Интересно, что собственные наблюдения Бордуэлла относительно быстрой голливудской модели освещают процессы, которые вызвали предполагаемую антитезу для той цифровой технологии, которая позволяет осуществлять более быстрые методы съемки и редактирования изображений, что также способствовало производству и распространению «медленности» на рубеже тысячелетий. Поскольку относительно недорогое и гибкое цифровое оборудование позволяет записывать гораздо более длительные промежутки времени, оно позволяет использовать до сей поры немыслимые режимы производства и записи на основе продолжительности и наблюдения. Вопреки обвинению в ностальгическом пуризме и технологической отсталости, которое получил «медленный фильм» [35], его распространение по всему миру, по сути, неразрывно связано с приходом цифровых технологий в кинопроизводство.

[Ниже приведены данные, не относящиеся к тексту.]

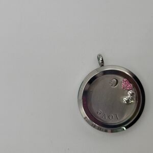 Origami Living Lockets Charm Pendant Necklace with MOM and pink heart
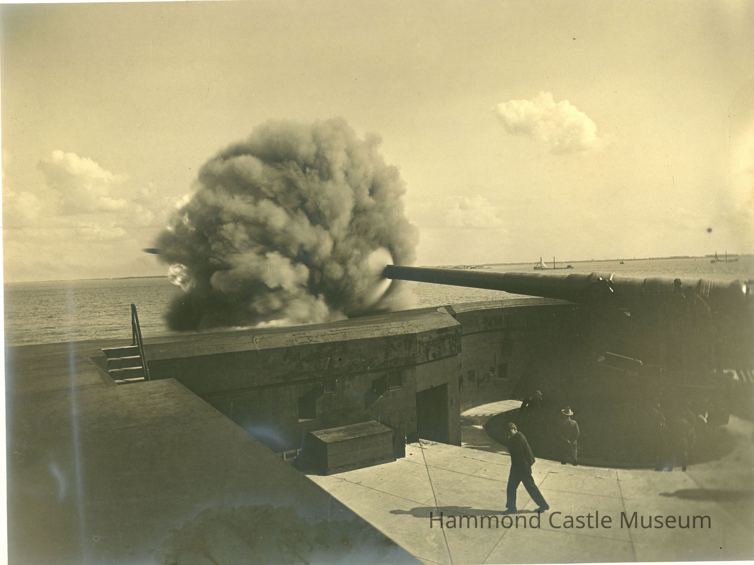 Photo of coastal battery with cannon firing

Что касается институциональной поддержки, то «медленное кино» также циркулирует в экономической и культурной сфере, что во многом способствовало не только ее глобальному продвижению и потреблению, но и ее производству, например, для международных кинофестивалей. Как упоминает Марк Бетц, «необходимо признать международные сети обмена, в которых многие из практикующих режиссеров, что в настоящее время идентифицированы с «медленным кино», работают с точки зрения не только их географического диапазона, но и транснационального происхождения кинопроизводства (многие поддерживаются европейским финансированием), приема и распространения часто на крупных европейских кинофестивалях. Все чаще фестивали сами вводят и производят работу этих кинематографистов, потенциально связывая их с рынком, который не может не влиять на стилистические варианты, которые они выбирают». [5, p. 32] В качестве примера можно привести международный кинофестиваль в Роттердаме, который знаменит своим фондом имени Хуберта Балса (Hubert Bals Fond), оказавшим финансовую помощь многим режиссерам «медленного кино» из Латинской Америки и Азии, таким как Рейгадас, Алонсо, Апичатпонг и Диаз.
Признавая что «медленное кино» циркулирует внутри международного кинофестиваля и поддерживается им, мы не только помещаем «медленное кино» в более обширную категорию институтов арт-кино, но и следуем призыву Лима освободить эту категорию «из своего экономического "чулана", чтобы признать ее статус глобального нишевого рынка с сопутствующими институтами, механизмами и агентами» [26, pp. 27-28]. Это кажется особенно важным, поскольку «медленное кино» часто обвиняют в обслуживании этой конкретной ниши рынка и его соответствующей ассоциации с элитарностью и чрезмерной эстетичностью. Действительно, это обвинение, по-видимому, приобретает все большее значение, когда мы принимаем во внимание, что арт-галерея последовательно заманивает практикующих, интересующихся «медленностью» в последнее десятилетие режиссеров, таких как Акерман, Кошта, Цай, Апичатпонг и Киаростами среди прочих переходящих в мир музея и создающих арт-инсталляции, которые часто перерабатываются и расширяются из их художественных фильмов. Посредством навигации внутри институциональных сфер, основанных на арт-кино и арт-практиках, «медленное кино», таким образом, увязло в другой дискуссии, которая ставит под вопрос ее культурную и политическую целостность.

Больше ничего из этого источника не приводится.